§ **Task description**: The answer must be only the lines below from the one holding "步驟三:然後下手揉面,根據麵" down to the one holding "Das Freiburg-Motiv wird", ends included, printed exactly; please omit all pictures.

(Provided entries Opens)

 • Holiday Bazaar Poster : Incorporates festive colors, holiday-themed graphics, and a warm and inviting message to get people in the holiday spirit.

(Provided entries Closes)
(Provided entries Opens)

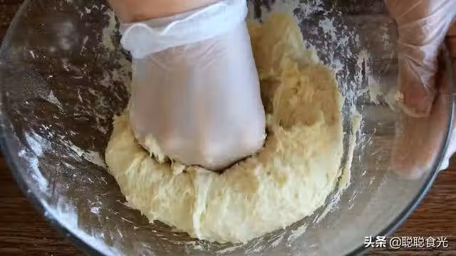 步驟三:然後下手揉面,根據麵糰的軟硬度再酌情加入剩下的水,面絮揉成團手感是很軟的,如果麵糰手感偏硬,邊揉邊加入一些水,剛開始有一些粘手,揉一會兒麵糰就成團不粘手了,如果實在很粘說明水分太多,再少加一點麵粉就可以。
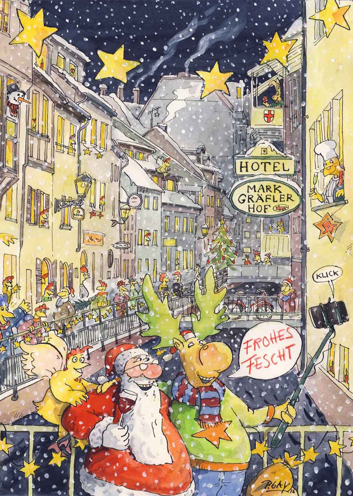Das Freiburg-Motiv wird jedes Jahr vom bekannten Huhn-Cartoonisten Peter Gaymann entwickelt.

(Provided entries Closes)

§ **Task answer**:
 步驟三:然後下手揉面,根據麵糰的軟硬度再酌情加入剩下的水,面絮揉成團手感是很軟的,如果麵糰手感偏硬,邊揉邊加入一些水,剛開始有一些粘手,揉一會兒麵糰就成團不粘手了,如果實在很粘說明水分太多,再少加一點麵粉就可以。
Das Freiburg-Motiv wird jedes Jahr vom bekannten Huhn-Cartoonisten Peter Gaymann entwickelt.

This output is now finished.